Collected data =>
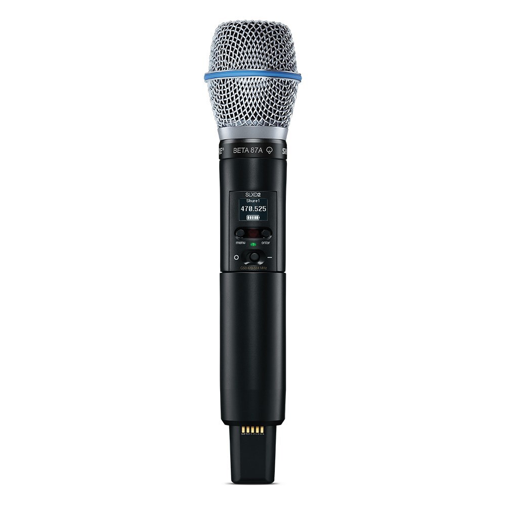 Featuring a BETA 87A handheld wireless microphone transmitter, SLXD2/BETA87A combines professional features with simplified setup and operation. SLX-D Digital Wireless delivers transparent, 24-bit digital audio and rock solid RF performance with easy setup and rechargeability options in a suite of versatile wireless system configurations. Featuring industry-leading digital wireless technology and design, the SLXD2 easily syncs with a wireless receiver. A variety of interchangeable vocal microphone choices guarantees the right solution for a wide range of applications, from day-long conference to night-time performances.
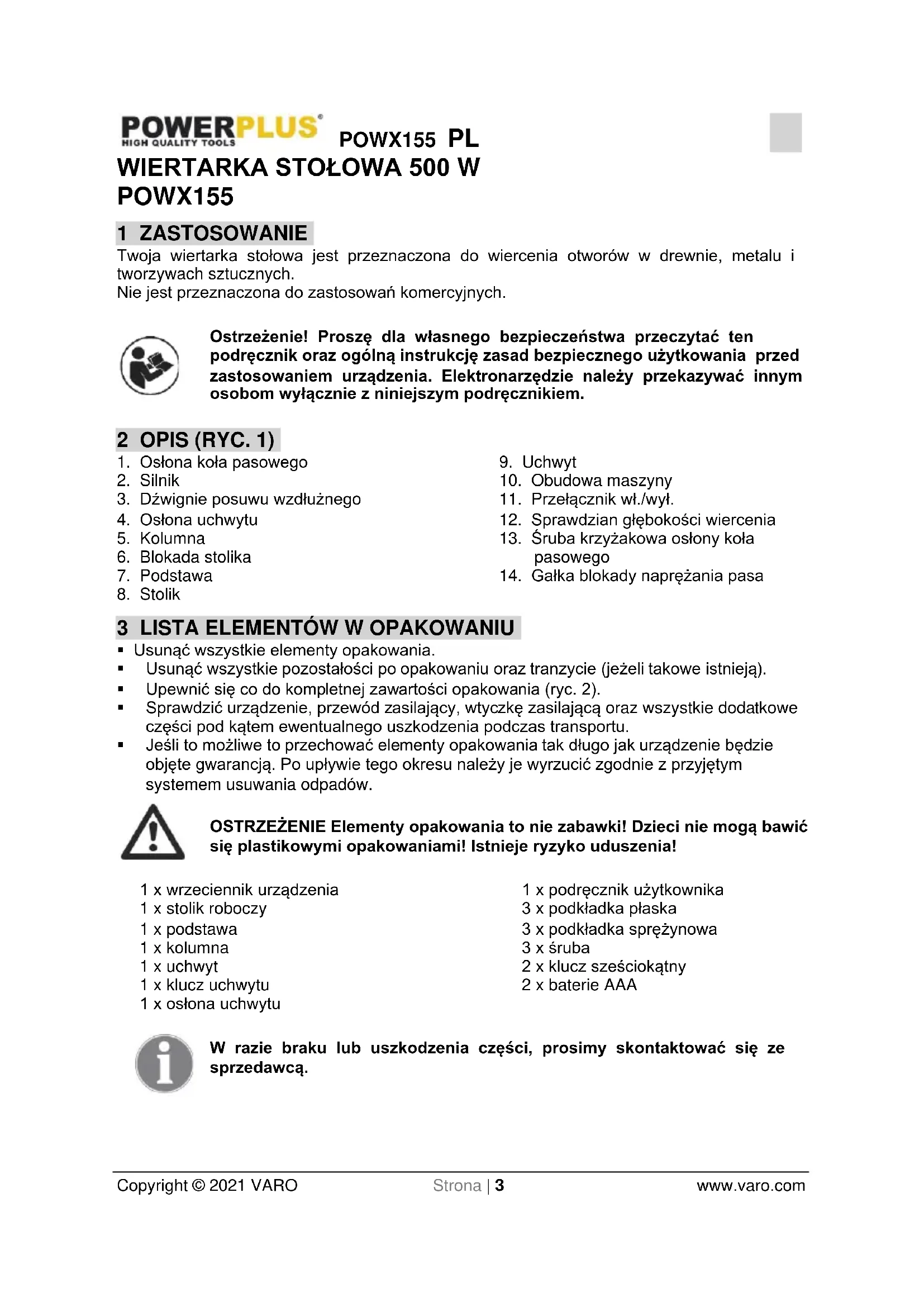 - Jeśli to możliwe to przechować elementy opakowania tak długo jak urządzenie będzie objęte gwarancją. Po upływie tego okresu należy je wyrzucić zgodnie z przyjętym systemem usuwania odpadów. OSTRZEŻENIE Elementy opakowania to nie zabawki! Dzieci nie mogą bawić się plastikowymi opakowaniami! Istnieje ryzyko uduszenia! 1 x wrzeciennik urządzenia 1 x stolik roboczy 1 x podstawa 1 x kolumna 1 x uchwyt 1 x klucz uchwytu 1 x osłona uchwytu 1 x podręcznik użytkownika 3 x podkładka płaska 3 x podkładka sprężynowa 3 x śruba 2 x klucz sześciokątny 2 x baterie AAA W razie braku lub uszkodzenia części, prosimy skontaktować się ze sprzedawcą.POWX155 PL Copyright © 2021 VARO Strona | 4 www.varo.com 4 SYMBOLE W niniejszej instrukcji i na urządzeniu zastosowano następujące symbole:
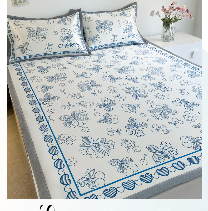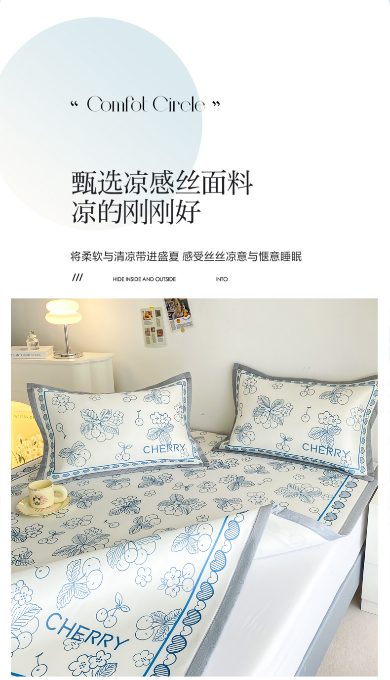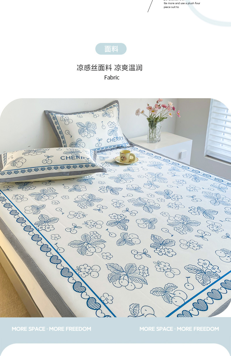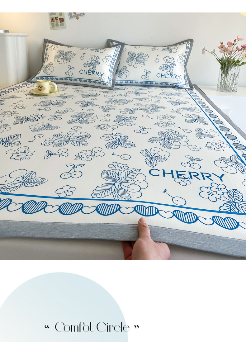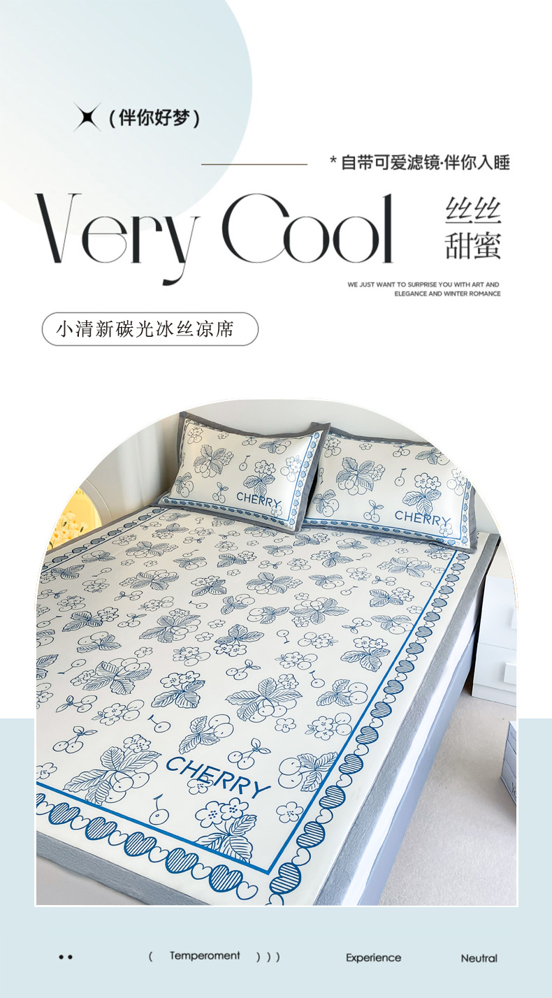 商品名称:邵依 2025新款数码印花烫光冰丝席凉席子藤席 静谧花园

Directions =>
Before copying the material, set its pictures aside; then transcribe it word for word.

Result for this task =>
 Featuring a BETA 87A handheld wireless microphone transmitter, SLXD2/BETA87A combines professional features with simplified setup and operation. SLX-D Digital Wireless delivers transparent, 24-bit digital audio and rock solid RF performance with easy setup and rechargeability options in a suite of versatile wireless system configurations. Featuring industry-leading digital wireless technology and design, the SLXD2 easily syncs with a wireless receiver. A variety of interchangeable vocal microphone choices guarantees the right solution for a wide range of applications, from day-long conference to night-time performances.
 - Jeśli to możliwe to przechować elementy opakowania tak długo jak urządzenie będzie objęte gwarancją. Po upływie tego okresu należy je wyrzucić zgodnie z przyjętym systemem usuwania odpadów. OSTRZEŻENIE Elementy opakowania to nie zabawki! Dzieci nie mogą bawić się plastikowymi opakowaniami! Istnieje ryzyko uduszenia! 1 x wrzeciennik urządzenia 1 x stolik roboczy 1 x podstawa 1 x kolumna 1 x uchwyt 1 x klucz uchwytu 1 x osłona uchwytu 1 x podręcznik użytkownika 3 x podkładka płaska 3 x podkładka sprężynowa 3 x śruba 2 x klucz sześciokątny 2 x baterie AAA W razie braku lub uszkodzenia części, prosimy skontaktować się ze sprzedawcą.POWX155 PL Copyright © 2021 VARO Strona | 4 www.varo.com 4 SYMBOLE W niniejszej instrukcji i na urządzeniu zastosowano następujące symbole:
 商品名称:邵依 2025新款数码印花烫光冰丝席凉席子藤席 静谧花园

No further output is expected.